Thursday, May 13, 2010

This Week in Alberta - The Liberal Accountability Act

The Alberta Liberal Party's annual convention will be going on in Edmonton this weekend (featuring Warren Kinsella) - in anticipation of it, Daveberta and Calgary Liberal have offered their take on the state of the ALP.

The ALP also made some news this week, by releasing their "12 Step Clean Government Initiative". Here are the 12 proposals, and my quick gut reaction.

1. Establish an independent commission with binding powers to set MLA pay, benefits and bonuses. Going after MLA salaries and pensions always makes for good politics. I think the better political punch would have been to propose a wage freeze or a pension cut or something with a little more oomph than a commission, but I can't complain.

2. Make all MLA expenses and compensation publicly available online. Given the debate going on federally over this, now's a good time to strike on this issue.

3. Lengthen and strengthen cooling off periods to prevent senior civil servants from flip-flopping between high-level public and private sector jobs. I'd have to be convinced this is a big problem, before doing celebratory backflips.

4. Strengthen the Lobbyist Act. In what shall forever be known as "The Busty Hookers Act".

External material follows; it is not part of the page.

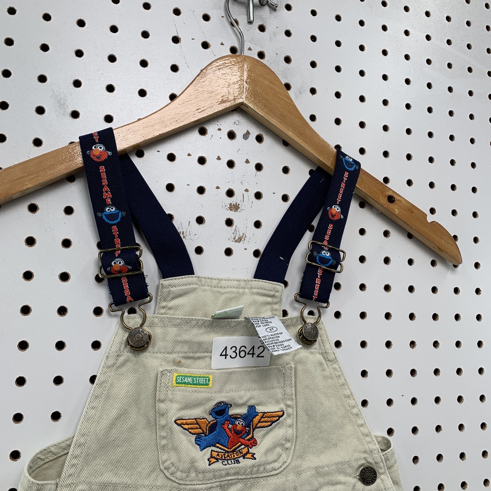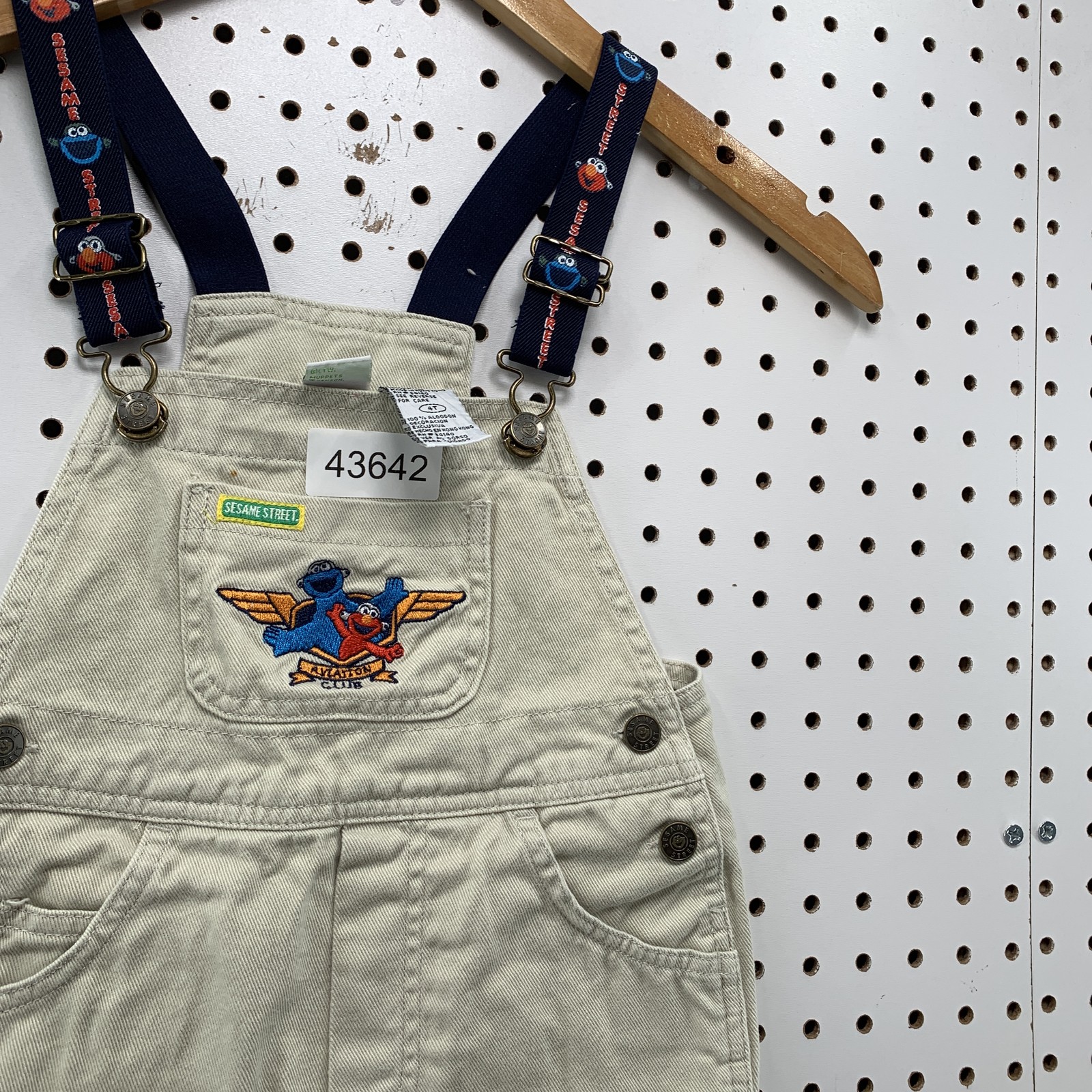 Vintage Sesame Street Elmo Cookie Monster Overalls 4T Kids Khaki Embroidered

5. Strengthen the power of Officers of the Legislative Assembly. It's scary how little power the AG and other officers have in Alberta compared to their federal counterparts.

6. Reduce the power of the Premier’s office. There's the usual democratic deficit fluff on empowering backbenchers and free votes, along with a much needed pledge to abolish the Public Affairs Bureau (AKA "The Ministry of Truth"), which spends millions of taxpayer dollars pushing out government propaganda.

7. Protect whistleblowers.

8. Ban all corporate and union political party donations.

9. Lower election donation limits for individuals. Given the federal laws, 8 and 9 make a lot of sense. (Of course, I'm sure Alberta breweries would disagree...)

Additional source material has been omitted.